Find Area of Region Between Inner & Outer Loop in Limicon: r=2cos(x)-1

[stau40]

Homework Statement

Find the area of the region between the inner and outer loop of the limicon r=2cos(x)-1

Homework Equations

A=(2(1/2)small circle)-(2(1/2)large circle)

The Attempt at a Solution

I don't even know where to start with this question because I can't figure out the formula for the inner circle to plug into the Area formula. The hint I have received from the teacher is "Use symmetry: the area of the shaded region is twice the area in half of the little loop subtracted from twice the area in half of the big loop. The integration is much neater if you choose a good way to compute those two half areas." I have included the teachers hint into the equation above to try and help my understand what he's looking for but I'm still scratching my head. Any help would be greatly appreciated and thanks in advance!

 

[Mark44]

Homework Statement

Find the area of the region between the inner and outer loop of the limicon r=2cos(x)-1

Homework Equations

A=(2(1/2)small circle)-(2(1/2)large circle)

The Attempt at a Solution

I don't even know where to start with this question because I can't figure out the formula for the inner circle to plug into the Area formula. The hint I have received from the teacher is "Use symmetry: the area of the shaded region is twice the area in half of the little loop subtracted from twice the area in half of the big loop. The integration is much neater if you choose a good way to compute those two half areas." I have included the teachers hint into the equation above to try and help my understand what he's looking for but I'm still scratching my head. Any help would be greatly appreciated and thanks in advance!

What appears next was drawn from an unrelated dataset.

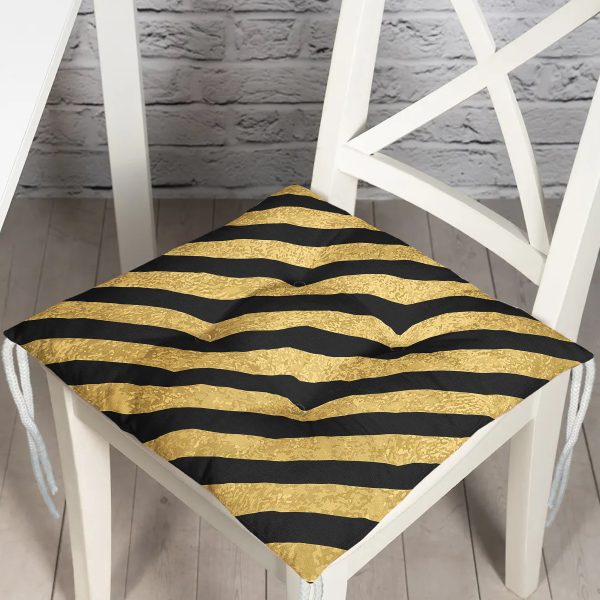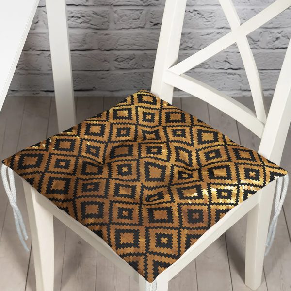 Gold Zemin Üzerinde Siyah Geometrik Desenli Dijital Baskılı Modern Pofuduk Sandalye Minderi

I hope you have sketched the limaçon. An easy way to do this is to sketch a graph of y = 2cos(x) - 1, and then use this to sketch a graph of your polar curve r = 2cos(theta) - 1.

The graph of y = 2cos(x) - 1 starts off at (0, 1), drops down to cross the x-axis at about pi/3 and remains below the x-axis until about 5pi/3 or so. There is a low point at (pi, -3).

On the polar curve you have the point (1, 0), and r becomes zero at about pi/3. After that, even though theta is still positive, the r values are negative, so the points go on the negative side of the rays. For example, the point (pi, -3) on the Cartesian graph corresponds to the polar point (-3, pi).

There is only one formula for the polar curve. There is not a separate formula for the inner loop and the larger loop. Every point on the limaçon is obtained from the equation r = 2cos(theta) - 1. What you need to find are the values of theta that correspond to the start and end of the inner loop, and the values of theta that correspond to the start and end of the outer loop (upper half of each).

 

[stau40]

I was just working thru what you wrote and noticed I wrote the equation as 2cos(x)-1, but it is actually 2cos(theta)-1. I must have been writing too fast and not thinking. I have calculated the values where 2cos(theta)-1 = 0 and I get theta = (pi/3) and (5pi/3) as the limits of integration. Wouldn't the start and end points of the inner and outer loop be the same?

 

[Mark44]

I was just working thru what you wrote and noticed I wrote the equation as 2cos(x)-1, but it is actually 2cos(theta)-1.

Yes, I noticed that. I was careful to distinguish between the Cartesian equation and the polar equation.

I must have been writing too fast and not thinking. I have calculated the values where 2cos(theta)-1 = 0 and I get theta = (pi/3) and (5pi/3) as the limits of integration.

Slow down - you shouldn't be thinking about limits of integration just yet.

Wouldn't the start and end points of the inner and outer loop be the same?

The curve crosses over itself at the pole, but the values for theta are different.

On your sketch of the polar function, label a few points with their theta values. For example, the rightmost point of the inner loop should be labelled as theta = 0. What is theta at the leftmost point of the inner loop the first time the curve hits that point?

Try to follow the curve as theta increases from 0 to 2pi. That might give you some better insight as to what the limits of integration are. Keep in mind that you want only the area of the upper (or lower) half of the outer loop minus the area of the upper (or lower) half of the inner loop, and you will double that result.